[Supplied data]
Start of Block

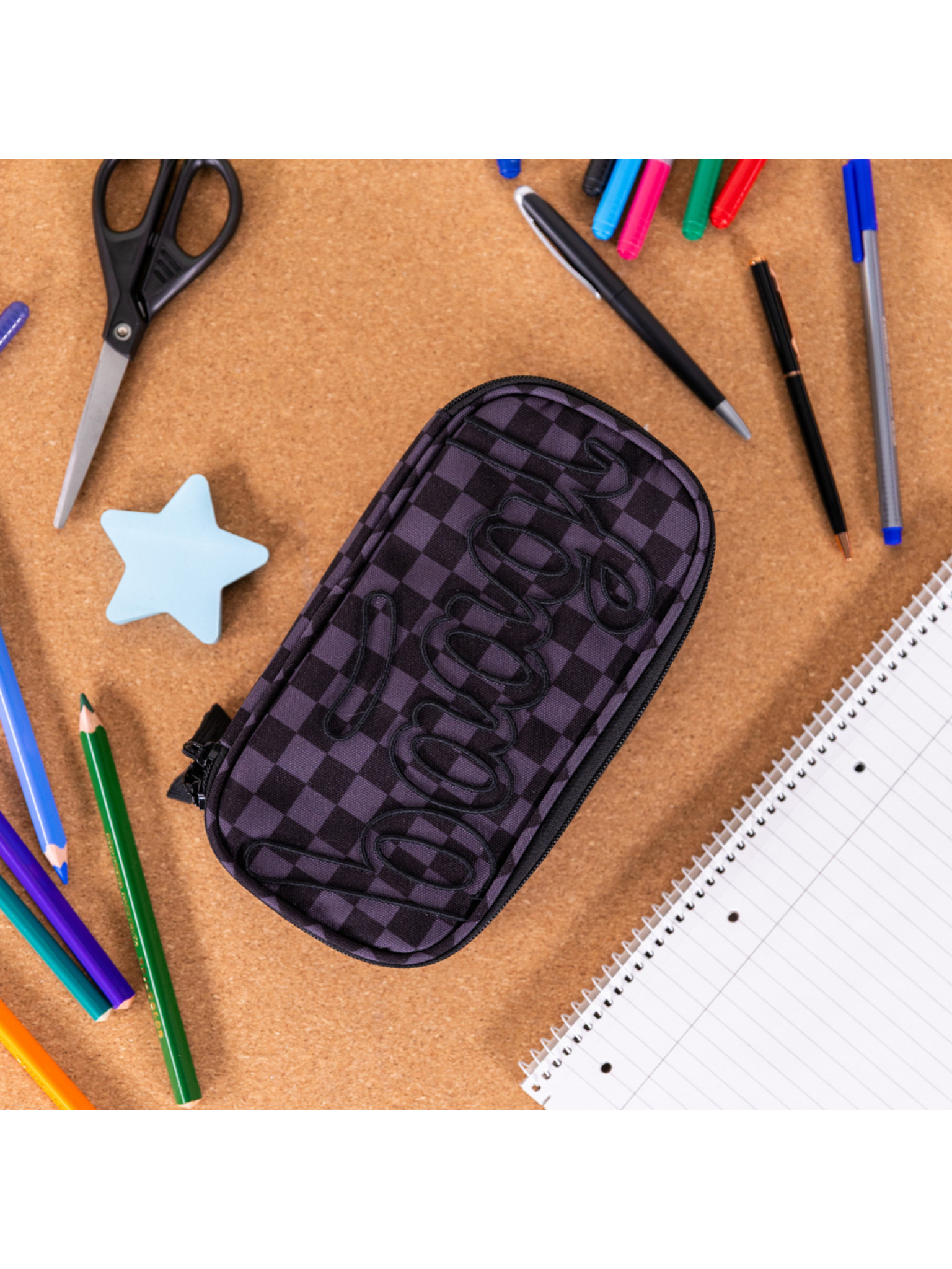 Черен училищен моливник едноетажен teribear Baagl
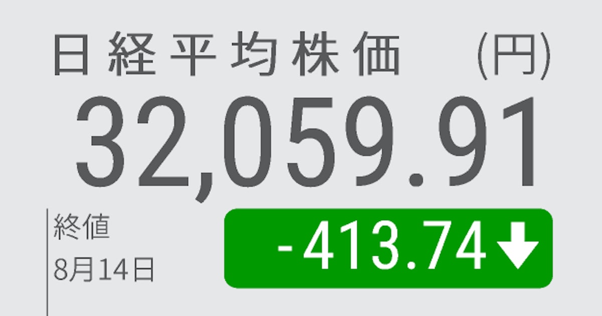 14日の東京株式市場で日経平均株価は反落し、前営業日比413円74銭(1.27%)安の3万2059円91銭で終えた。下げ幅は一時440円を超え、心理的な節目の3万2000円に迫った。米金利の上昇を背景に国内長期金利の指標となる新発10年物国債利回りが上昇し、持ち高調整の売りが広がった。中国景気の先行き不安も相場の重荷となった。
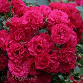 Сорт превосходно подходит как для частных садов, так и посадок в общественных местах. Любой садовод будет доволен этой новинкой. Цветки клубнично-красные, мелкие, густомахровые, в кистях, очень устойчивы к дождю, не голубеют. Листва темно-зеленая, блестящая, мелкая. Не пахнет. Куст широкий, ветвистый, одинаковой ширины и высоты. Сертифицирована по системе ADR в 2001 г. (KOR)

End of Block

[Exercise requirements] No pictures belong in the answer, only the lines from the top of the listing through the line containing "14日の東京株式市場で日経平", repeated word for word.

[Your solution]
 Черен училищен моливник едноетажен teribear Baagl
 14日の東京株式市場で日経平均株価は反落し、前営業日比413円74銭(1.27%)安の3万2059円91銭で終えた。下げ幅は一時440円を超え、心理的な節目の3万2000円に迫った。米金利の上昇を背景に国内長期金利の指標となる新発10年物国債利回りが上昇し、持ち高調整の売りが広がった。中国景気の先行き不安も相場の重荷となった。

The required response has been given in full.